Напротив него, на ближайшей к двери койке, сидел пожилой широкоплечий человек. Он сидел задумавшись, низко спустив широколобую голову и поддерживая левой рукой забинтованную правую руку.
Но вот из-за двери едва слышно донеслась чистая и ясная мелодия. Детский голос тихонько пел белорусскую песню «Перепелочка». Слова были почти неразличимыми, но милый простой напев, хорошо ему знакомый, дошел до слуха сидящего на койке человека. Он поднял голову и прислушался.
— Это наша, белорусская, — проговорил он улыбаясь и совсем тихо добавил: — Моя мамаша ее пела, когда я был еще совсем маленький.
Снегирев опустил книгу и тоже прислушался.
— Да это Катя! — сказал он. — Сейчас я ее приведу.
Он тяжело поднялся и, опираясь на костыль, поспешно заковылял к двери.
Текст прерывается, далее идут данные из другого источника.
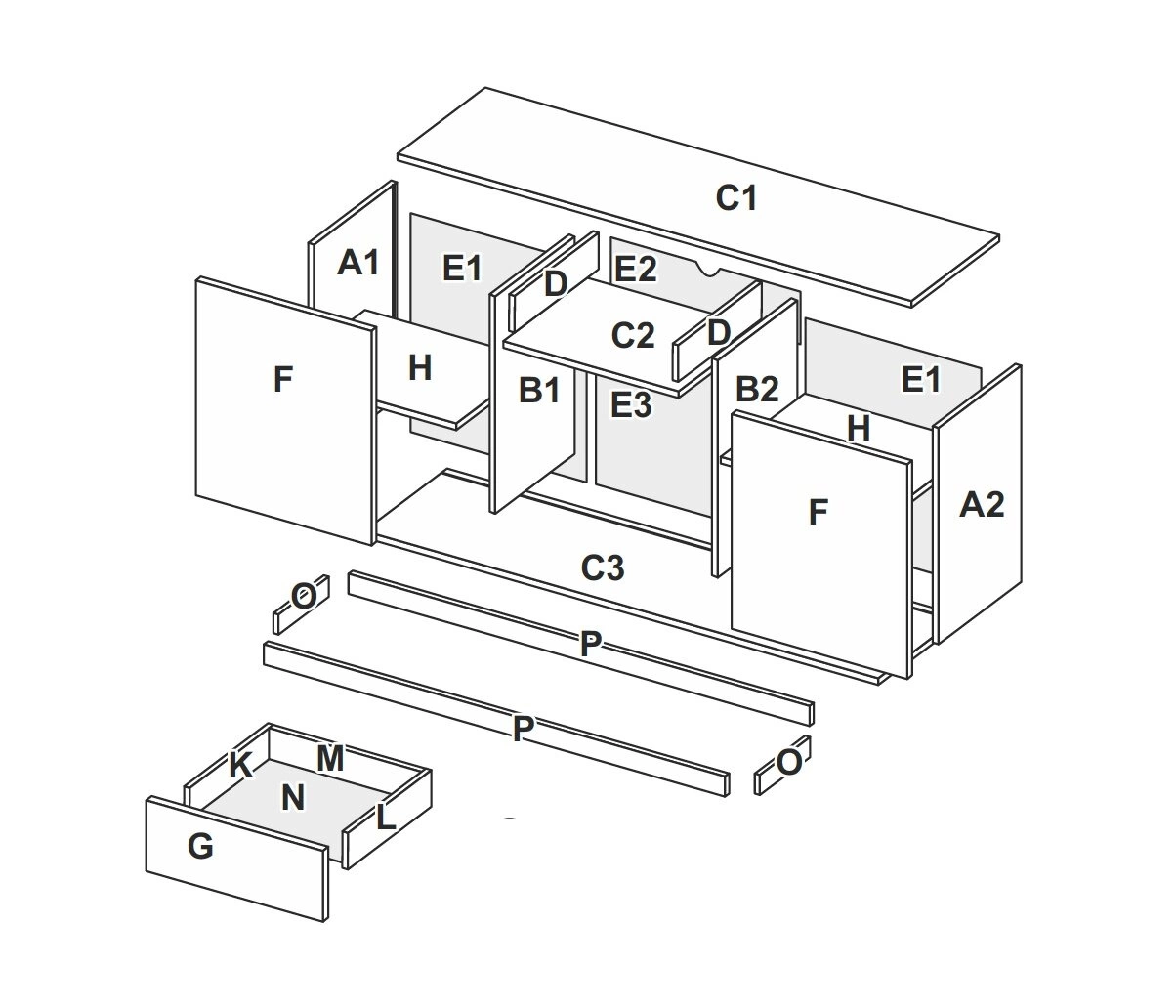 Tři velké zásuvky umožňují přehledné uložení dokumentů, textilu nebo každodenních drobností. Dvě uzavřené skříňky s pěti policemi pomáhají udržet pořádek a schovat větší předměty, které nemají být na očích. Obdélníková horní deska v dekoru přírodního dubu craft je ideálním místem pro dekorace, rodinné fotografie nebo pokojové rostliny.

— Одну минутку терпения! — И он исчез за дверью. Пение стихло. Широкоплечий офицер все с той же легкой улыбкой в ожидании смотрел на дверь. Через минуту дверь отворилась. Катя вошла и смущенно оглянулась вокруг.
— Валяй, Катя! — весело сказал Снегирев, входя вслед за нею. — Ты не стесняйся, все здесь люди свои. Проходи. — И он махнул рукой в узкий проход между койками. — Как раз по твоему калибру.
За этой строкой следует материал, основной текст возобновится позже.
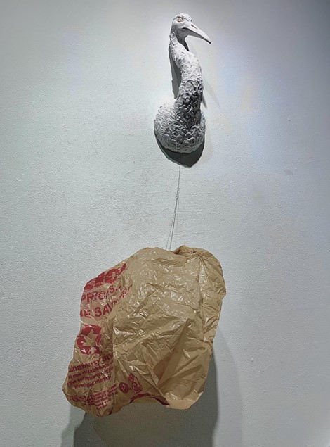 A new exhibition opened in the upstairs Owen Gallery at Toe River Arts in Spruce Pine on September 29, 2023, and will run through November 11, 2023. The exhibition is titled Compliant, New Work by Melisa Cadell. There will be a reception for the exhibition on Friday, November 10, 5:30-7:30, the same night as the Studio Tour reception. Melisa’s says of her exhibition “Viewers are invited to enter a sensory experience through a landscape composed of discarded material and ceramic sculpture. Compliant is a play on the paradoxical dance between the finite natural world and those things which are infinitely detrimental to it. Ultimately, it is a reflection that is meant to be both hauntingly beautiful and unsettling”.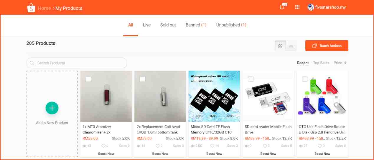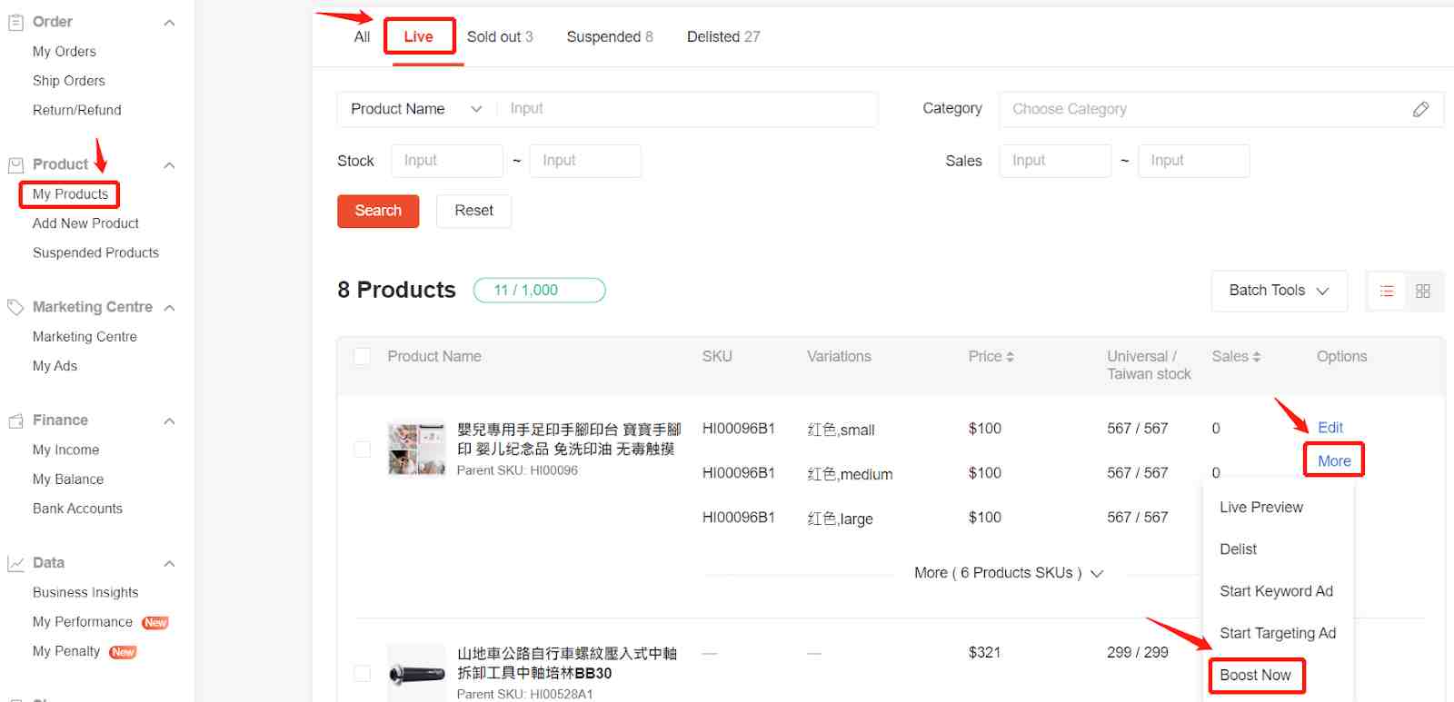 在【My Products】产品页面中,点击【live】查看在线售卖的产品。点击【More operations】中的【Boost Now】进行产品置顶,该功能卖家在点击boost之后,4个小时之内不可再次点击 。(每次可曝光5个SKU)

Но Катя осталась стоять у двери.
— Спой, Катя, — продолжал Снегирев. — Спой, что ты там в коридоре пела. Вот этот товарищ — видишь? — он тоже герой и даже о девчонках не думает, и для него эта песня все равно что для вас, ленинградцев, ваши дурацкие белые ночи. Давай пой!
Катя прихватила из коридора свою матерчатую продуктовую сумку. Сейчас она осторожно поставила ее на пол у стены.
Выпрямившись, она стала у дверей, такая маленькая в своем просторном, не по росту халате, и начала петь. Лицо ее очень серьезно, темные глаза смотрят перед собой печально и строго. О себе поет она эту горькую песню. Только сама она этого не понимает. Она просто поет старую песню, чем-то тронувшую ее детское сердце.
Но те, кто ее слушают, отлично это понимают. Вот почему такая горькая жалость, такая невеселая улыбка видна сейчас на их огрубелых лицах.
Вот она, эта перепелочка, у которой ножки болят, и детки малы, и нету хлеба.
А Катя пела:
А у перепелки головка болит.
Ты ж моя, ты ж моя перепелочка,
Ты ж моя, ты ж моя невеличкая.
А у перепелки да ножки болят.
Ты ж моя, ты ж моя перепелочка,
Ты ж моя, ты ж моя невеличкая.
А у перепелки да грудка болит.
Ты ж моя, ты ж моя перепелочка,
Ты ж моя, ты ж моя невеличкая.
А у перепелки да детки малы.
Ты ж моя, ты ж моя перепелочка,
Ты ж моя, ты ж моя невеличкая.
А у перепелки да хлебца нема.
Ты ж моя, ты ж моя перепелочка,
Ты ж моя, ты ж моя невеличкая.
Снегирев, опираясь на костыль, так и остался стоять, прислонившись к стене, откинув назад свою белокурую голову. Сейчас он казался старше. Лицо его стало задумчивым, почти печальным. Та слабая полуулыбка, которая светилась теперь на его лице, совсем не похожа была на его обычную дерзкую усмешку.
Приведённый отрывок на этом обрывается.